Well, I searched for the rpm oss, but I couldn't find it. But I found this: alsa-lib-0.9.8-1.fr.i386.rpm

Since there isn't any oss rpm on the system, I assume that the system uses alsa. It isn't a problem with Flash Player 9. If there was a problem with alsa, it should not have played the sound in the first place, right? What I can't understand is-- why do Chromium and flash stop playing sound after any sound is played on the system?

Is something "capturing" the sound device as it is called?

reddazz 02-27-2007 01:11 PM

I doubt that you are using alsa because with alsa you can play sounds from multiple apps at the same time without one source stopping. Instead of wasting time with an old, outdated and unsupported distro why not just use something newer e.g. Fedora Core. All modern distros support alsa out of the box and OSS has now been deprecated.
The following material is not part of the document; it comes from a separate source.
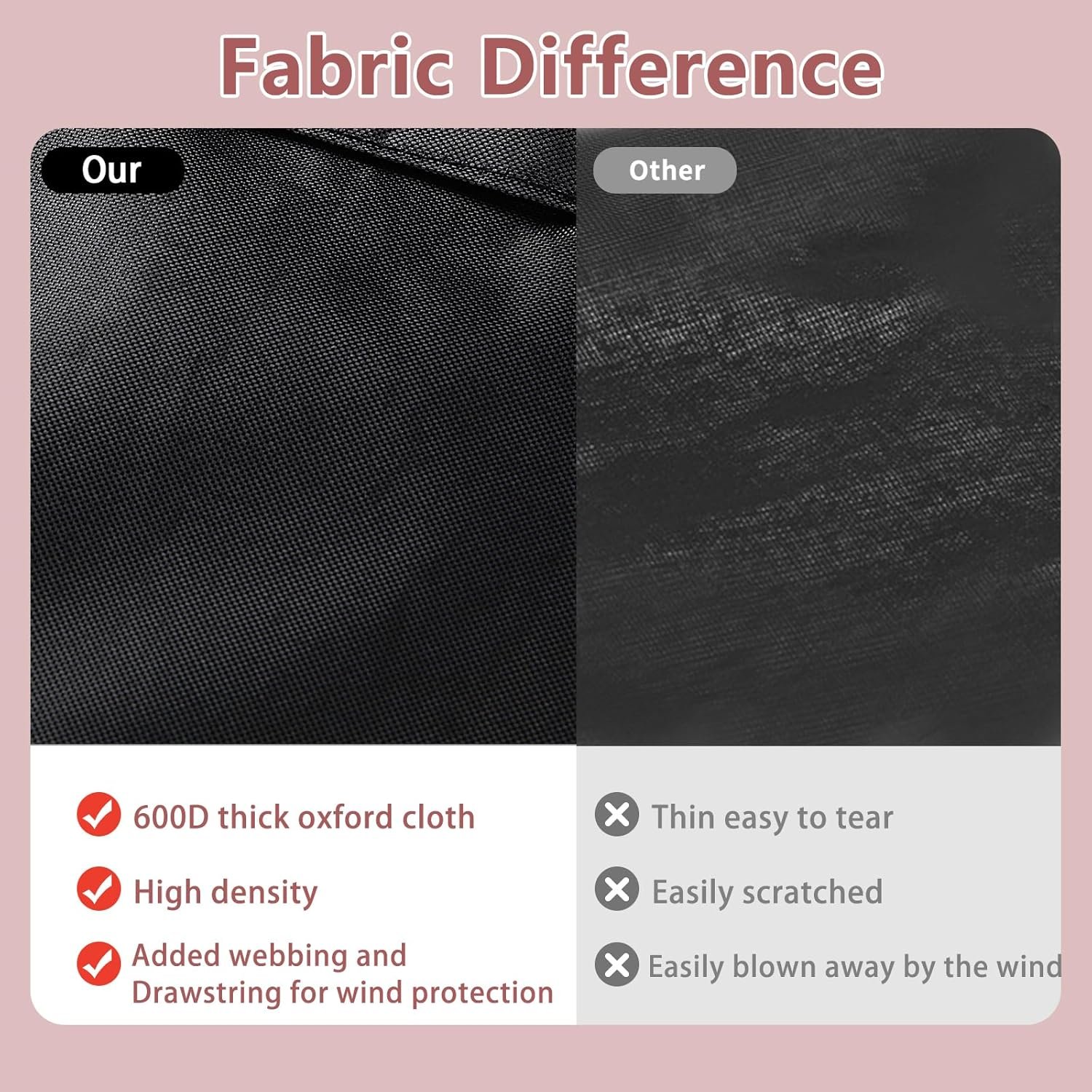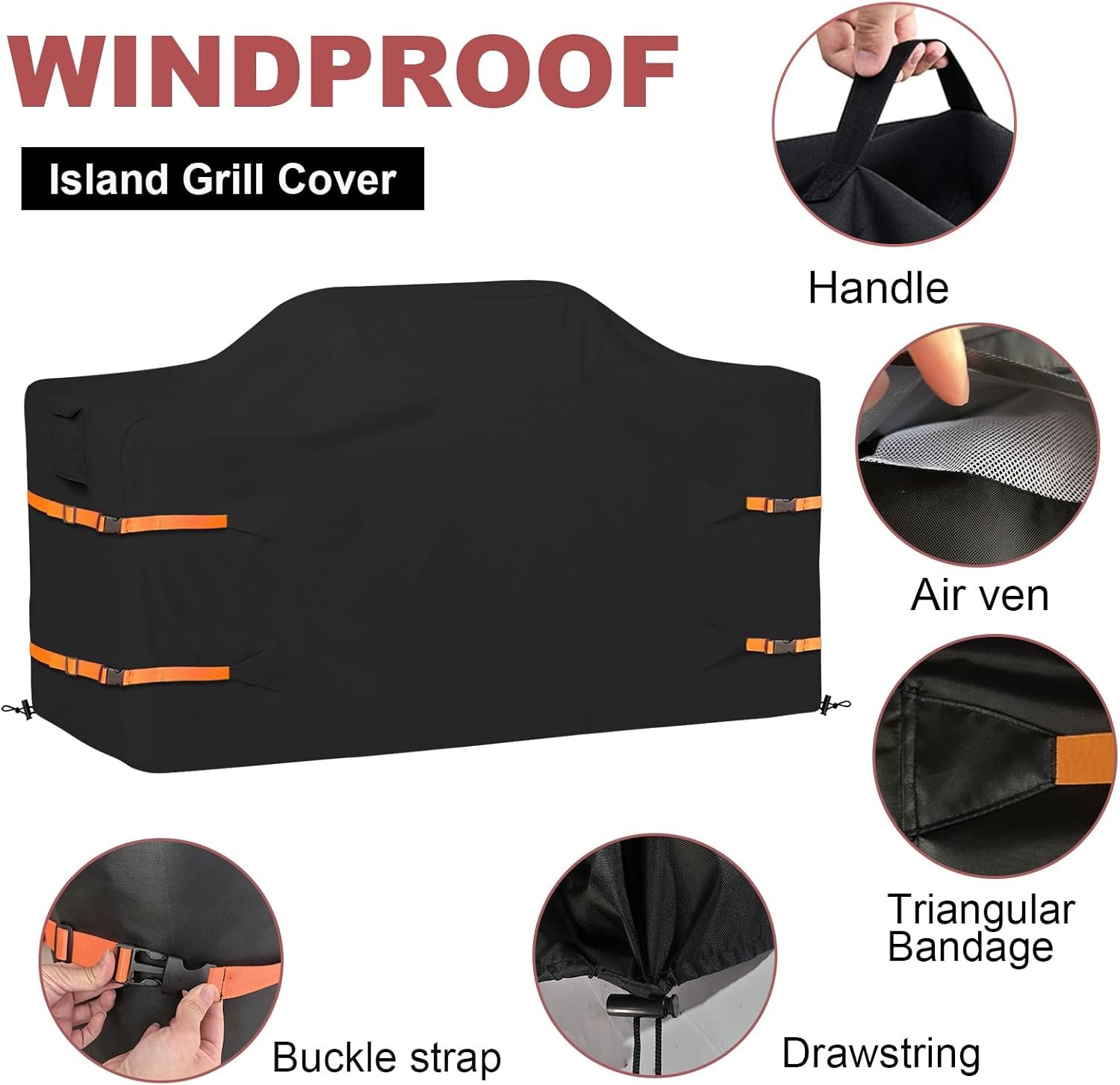 Detail Design: 2 Padded handles make easy fitting and removal. 2 air vents reduce inside condensation and wind lofting. Equipped with 4 windproof buckles and 2 adjusting drawstring to securely tie up the island grill, and prevent it from being blown up by the wind.

hansalfredche 02-27-2007 01:30 PM

Well, at least older versions of ALSA did not allow more than one application accessing the sound card (if the card didn't supported it itself, like many on-board chips). You could try to update your ALSA package, seems there are some more recent packages on http://rpm.pbone.net .

@reddazz

It seems gregorian has (an old version of) ALSA installed. And like I wrote above, at least older (but not THAT old) versions of ALSA wouldn't allow more than one application. I had the problem myself. Why change if the rest works? He could just as well change to Ubuntu then ;)

reddazz 02-27-2007 01:43 PM

Quote:

@reddazz

It seems gregorian has alsa installed. And like I wrote above, at least older (but not THAT old) versions of alsa wouldn't allow more than one application. I had the problem myself. Why change if the rest works? He could just as well change to Ubuntu then
Sometimes its not worth the hassle and getting something newer is less problematic than trying to fix some problem on an old release.

gregorian 02-27-2007 09:22 PM

I downloaded this package: http://www.alsa-project.org/alsa/ftp....14rc2.tar.bz2

But when I tried to install it, I got errors. Here is the last part:

Code:

sound.c: In function `snd_open':
sound.c:171: warning: assignment discards qualifiers from pointer target type
sound.c:176: warning: assignment discards qualifiers from pointer target type
sound.c: At top level:
sound.c:380: warning: `struct device_attribute' declared inside parameter list
sound.c:381: conflicting types for `snd_add_device_sysfs_file'
/home/<******>/Desktop/alsa-driver-1.0.14rc2/include/sound/core.h:239: previous declaration of `snd_add_device_sysfs_file'
make[1]: *** [sound.o] Error 1
make[1]: Leaving directory `/home/<******>/Desktop/alsa-driver-1.0.14rc2/acore'
make: *** [compile] Error 1


While playing videos in Mplayer, I see this:

AO: [oss] 22050Hz 2ch s16le (2 bytes per sample)

How do I switch to alsa? I've already pointed out that an alsa is package already present on my system.